■ **WORK INSTRUCTION**:
Please give again exactly the lines from the top of the material through the line with "Nueva tetera térmica"; omit each picture.
START DATA TO PROCESS
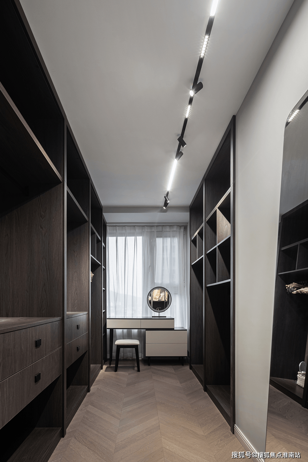 从卧的鱼骨拼木地板取护墙板颜色均选用了深棕色,搭配分歧明度的灰色床品取窗帘,摒弃了浮华的粉饰,整个从卧空间呈现沉稳有条理感的结果。从卫由于空间脚够大所以做了双台盆设想,无效提高糊口效率。灯光细节设想为空间减色不少,搭配灰色系墙地砖,清洁大气好打理。
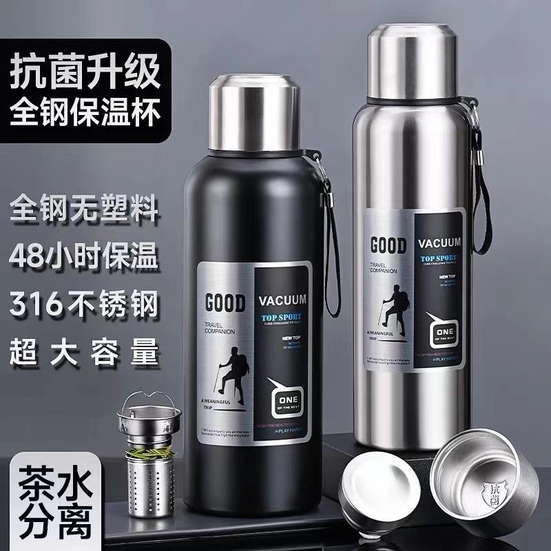 Nueva tetera térmica de acero inoxidable 316 para deportes al aire libre, viajes, de gran capacidad, con asa y separación de té
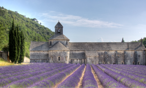 - Cadre naturel et sensoriel : Les champs de lavande qui s’étendent à perte de vue en avant-plan ajoutent une dimension sensorielle à l’expérience. La lavande, avec ses couleurs apaisantes et ses parfums envoûtants, offre un cadre idéal pour ralentir et s’immerger dans la nature. Le contraste entre les pierres grises de l’abbaye et le violet des lavandes capte l’œil et invite à la contemplation.
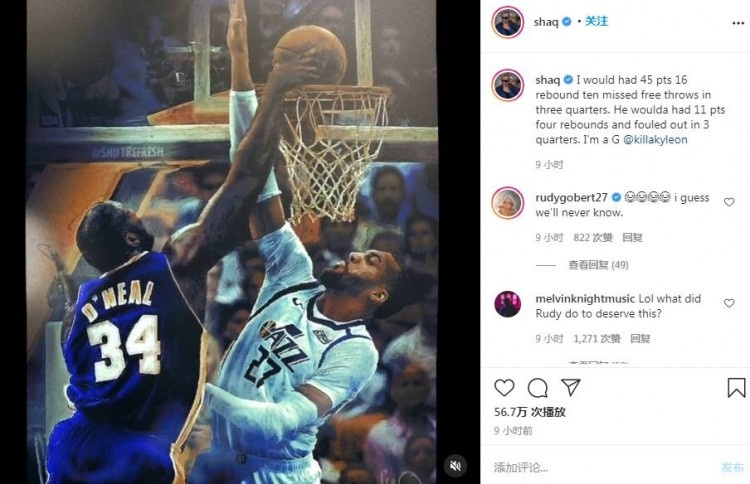 隨后奧尼爾曬出一張自己和戈貝爾交手的合成照,并開腦洞:“我會(huì)在三節(jié)在投丟10個(gè)罰球的情況下砍45+16,他三節(jié)11分4籃板六犯離場。”
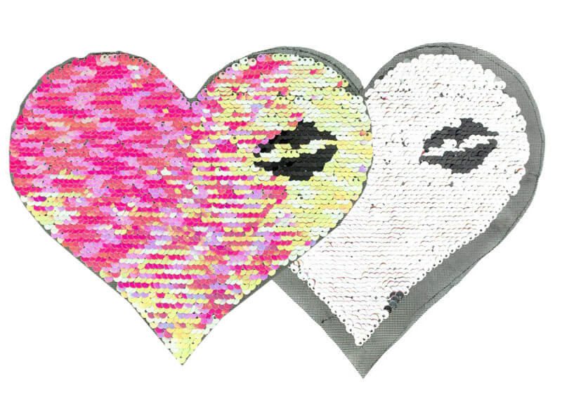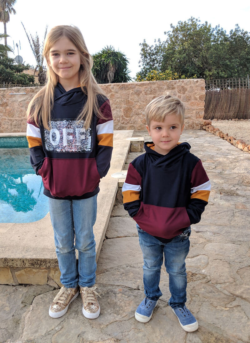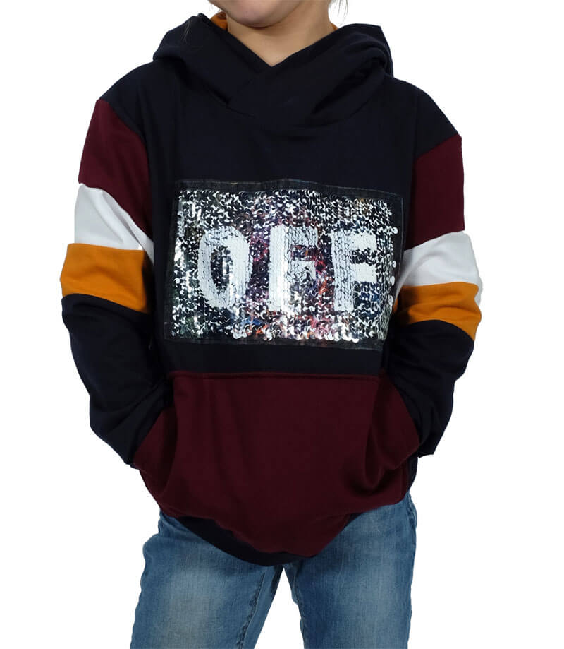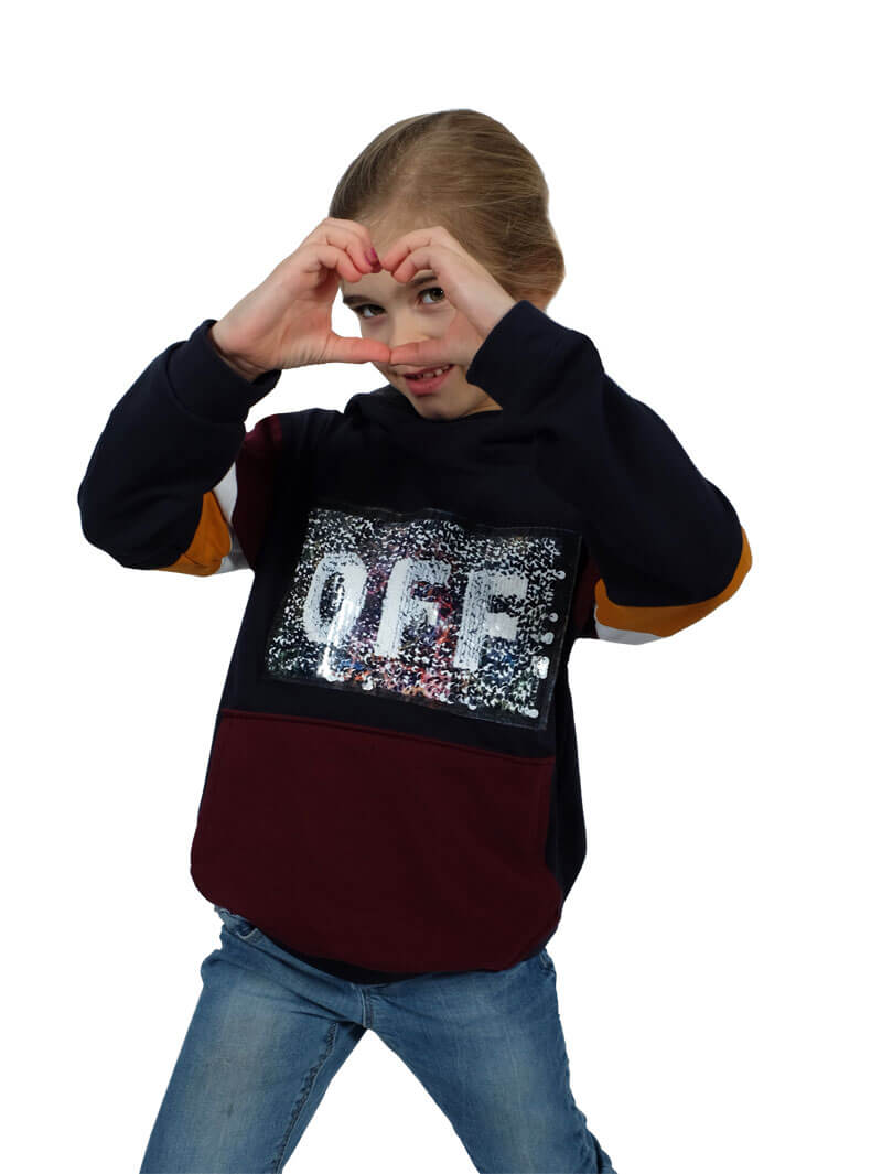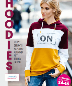 Wendepailletten, Pailletten, Aufnähbilder sind aktuell ein großes Trendthema und sehr angesagt. Die Applikation muss aufgenäht werden. Abbildung Schnittmuster Hoodie Jean und der Titelpullover aus unserem Nähbuch “Hoodies” mit einer anderen Applikation zur Inspiration.
END DATA TO PROCESS
■ **TASK OUTPUT**:
 从卧的鱼骨拼木地板取护墙板颜色均选用了深棕色,搭配分歧明度的灰色床品取窗帘,摒弃了浮华的粉饰,整个从卧空间呈现沉稳有条理感的结果。从卫由于空间脚够大所以做了双台盆设想,无效提高糊口效率。灯光细节设想为空间减色不少,搭配灰色系墙地砖,清洁大气好打理。
 Nueva tetera térmica de acero inoxidable 316 para deportes al aire libre, viajes, de gran capacidad, con asa y separación de té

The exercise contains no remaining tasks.